Sinister Errand
- First edition (UK)
- Author: Peter Cheyney
- Language: English
- Genre: Spy Thriller
- Publisher: Collins Crime Club
- Publication date: 1945
- Publication place: United Kingdom
- Media type: Print
- Followed by: Ladies Won't Wait

= Sinister Errand =

1945 novel

Sinister Errand is a 1945 spy thriller novel by the British writer Peter Cheyney. Cheyney known for his creations Lemmy Caution and Slim Callaghan, introduced a new character the half-American secret agent Michael Kells. It was followed by a sequel Ladies Won't Wait in 1951.

==Synopsis==
Kells is on the trail of a group of Nazi spies operating in Britain to try and pinpoint the landing spots of V1 rockets to improve their accuracy.

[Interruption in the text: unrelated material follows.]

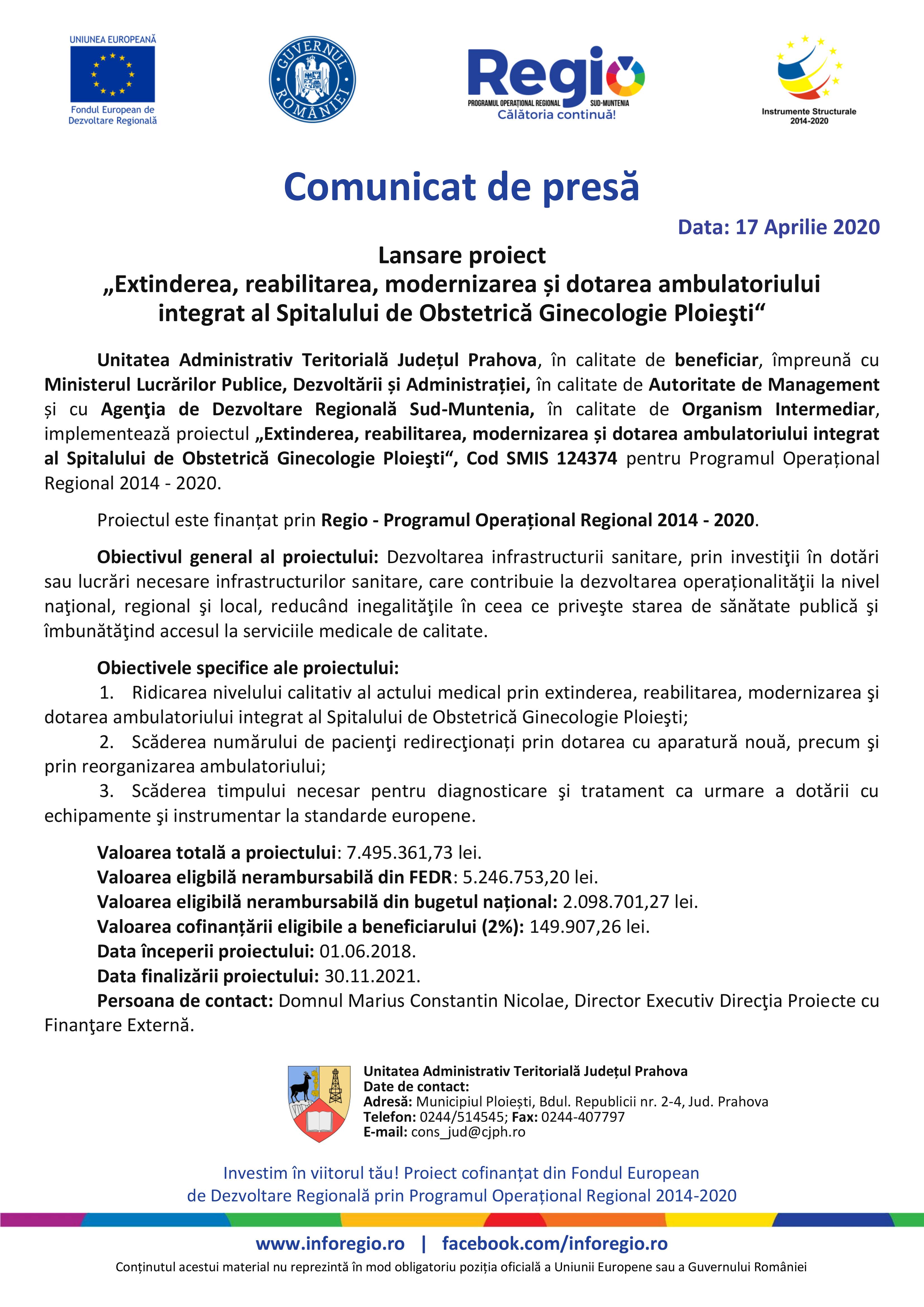 Unitatea Administrativ Teritorială Județul Prahova, în calitate de beneficiar, împreună cu Ministerul Lucrărilor Publice, Dezvoltării și Administrației, în calitate de Autoritate de Management și cu Agenţia de Dezvoltare Regională Sud-Muntenia, în calitate de Organism Intermediar, implementează proiectul „Extinderea, reabilitarea, modernizarea și dotarea ambulatoriului integrat al Spitalului de Obstetrică Ginecologie Ploieşti“, Cod SMIS 124374 pentru Programul Operațional Regional 2014 – 2020.

On his way he encounters several alluring but treacherous women.

==Film adaptation==
In 1952 it was loosely adapted into the American film Diplomatic Courier directed by Henry Hathaway and starring Tyrone Power, Patricia Neal and Hildegard Knef. The story was updated and the setting shifted from wartime London to Trieste during the early stages of the Cold War.

==Bibliography==
- Goble, Alan. The Complete Index to Literary Sources in Film. Walter de Gruyter, 1999.
- Panek, LeRoy. The Special Branch: The British Spy Novel, 1890-1980. Popular Press, 1981.
- Reilly, John M. Twentieth Century Crime & Mystery Writers. Springer, 2015.